Agung pun megaku prihatin atas peristiwa tersebut, untuk kedepannya harus ada penertiban yang lebih masif agar perisitwa serupa tidak terulang kembali.

"Saya ucapkan dukacita untuk keluarga korban longsor tambang emas di Sulawesi Utara,"‎ tandasnya.

‎Untuk diketahui, longsor tambang emas di Bolaang Mongondow terjadi pada Selasa malam (26/2/2019), dilaporkan ada 60 warga yang tertimbun longsor.

2 of 2

Detik-Detik Tambang Emas di Bolaang Mongondow Runtuh

longsor di tambang emas ilegal
Pencarian korban longsor di tambang emas ilegal di Desa Bakan, Kecamatan Lolayan, Kabupaten Bolaang Mongondow, Sulawesi Utara. (Twitter @Sutopo_PN)

Proses evakuasi terhadap puluhan penambang yang tertimbun longsor di areal Penambangan Emas Tanpa Izin (PETI) di Desa Bakan, Kecamatan Lolayan, Kabupaten Bolaang Mongondow (Bolmong), Sulawesi Utara, Selasa (26/02/2019) masih terus dilakukan. Bagaimana peristiwa itu terjadi?

Kepala Seksi Tanggap Darurat Badan Penanggulangan Bencana Daerah (BPBD) Bolmong Abdul Muin Paputungan mengungkapkan, peristiwa longsor terjadi di dalam lubang pengambilan material olahan emas ilegal lokasi Busa dalam areal kontrak karya PT JRBM pada Selasa 26 Februari 2019 sekitar pukul 21.00 Wita.

"Saat itu diperkirakan puluhan warga masyarakat sedang berada di dalam lubang untuk mengambil material olahan emas, karena banyaknya warga yang sedang mengambil material olahan emas dengan cara digali dengan menggunakan linggis," ungkap dia.

Benturan linggis dengan dinding lubang itulah yang kemudian membuat area pertambangan itu ambruk. Warga yang berada di dalamnya tertimpa reruntuhan dinding. Diketahui, lokasi tersebut sejak tahun 2018 dijadikan warga sekitar untuk mengambil material olahan emas secara ilegal.

"Pada saat terjadi longsor diperkirakan terdapat puluhan warga yang sedang berada di dalam lubang untuk mengambil material olahan emas," ungkap dia.

Runtuhnya dinding lubang tambang itu segera diketahui warga yang berada di luar lubang.
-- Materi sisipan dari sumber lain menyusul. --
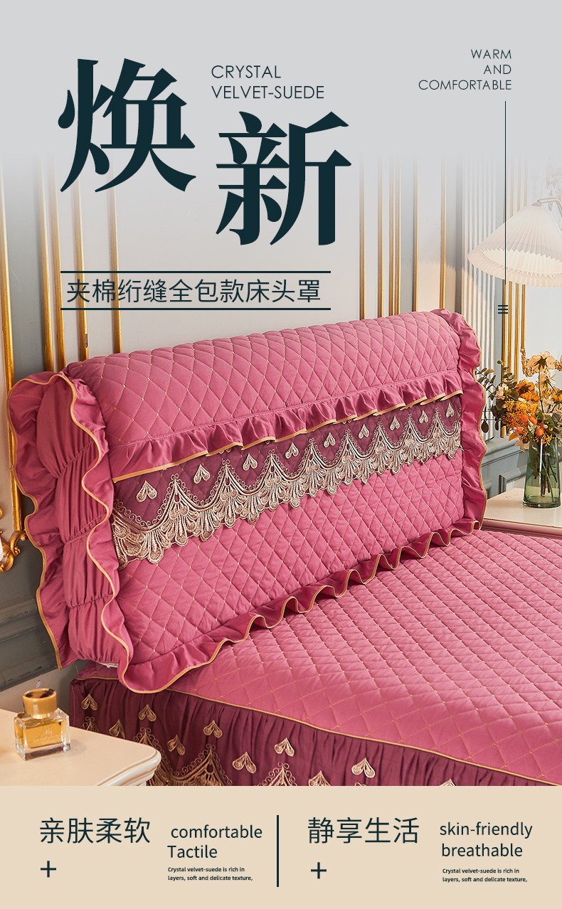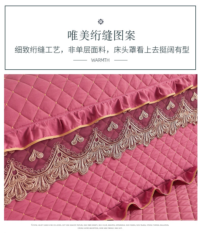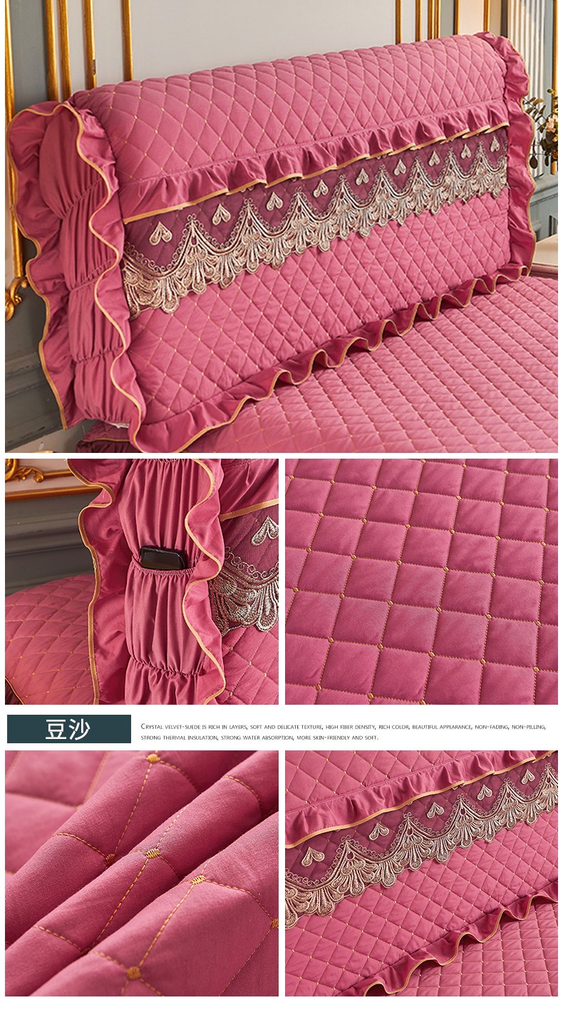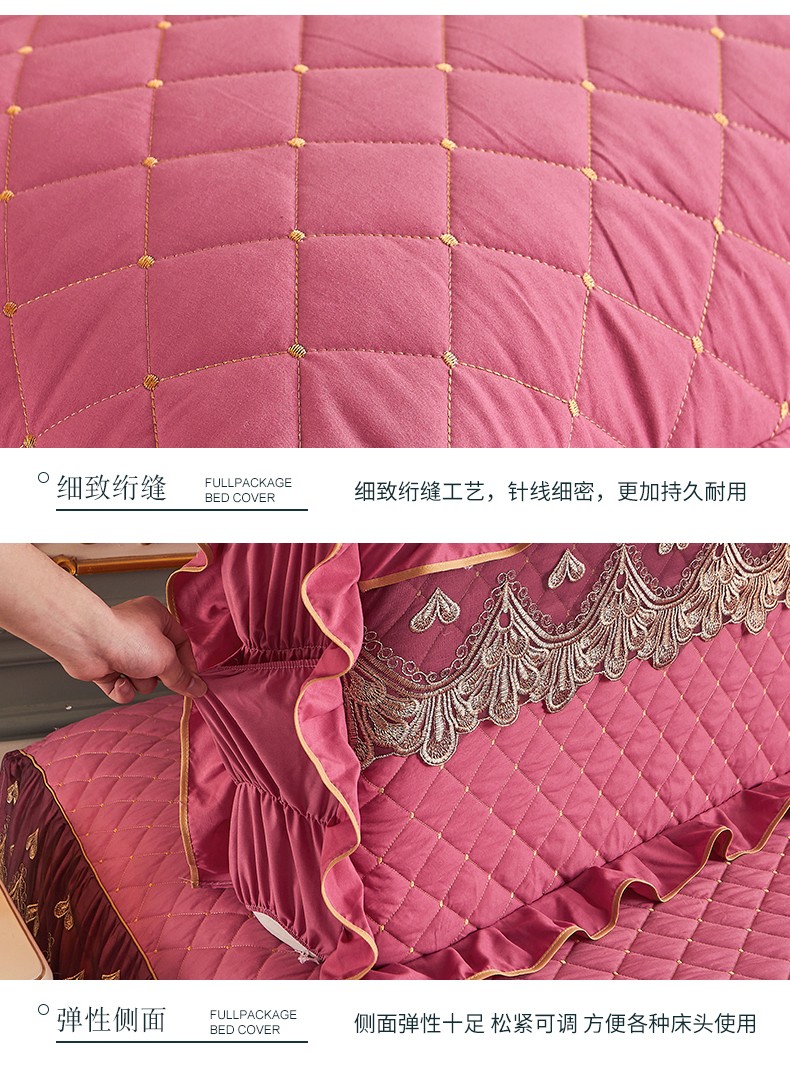 (总)屹成家纺2025新款水晶绒夹棉绗缝蕾丝床裙三件套(塞纳河畔)床裙单件起售价不低于105元,大红,豆沙,翡翠绿,粉玉,橄榄绿,蔚蓝,银灰

Mereka langsung menghubungi warga lainnya untuk meminta bantuan. Proses evakuasi seadanya mulai dilakukan sejak Selasa tengah malam, sebelum datangnya bantuan peralatan yang lebih memadai.

Paputungan menyebutkan, data sementara diperkirakan sebanyak 60 orang lebih tertimbun material longsoran tanah dan bebatuan di lokasi areal tambang rakyat.

Hingga siang ini, sudah berhasil di evakuasi sebanyak 16 orang dengan rincian orang meninggal dunia 2 orang dan 14 orang luka ringan dan berat.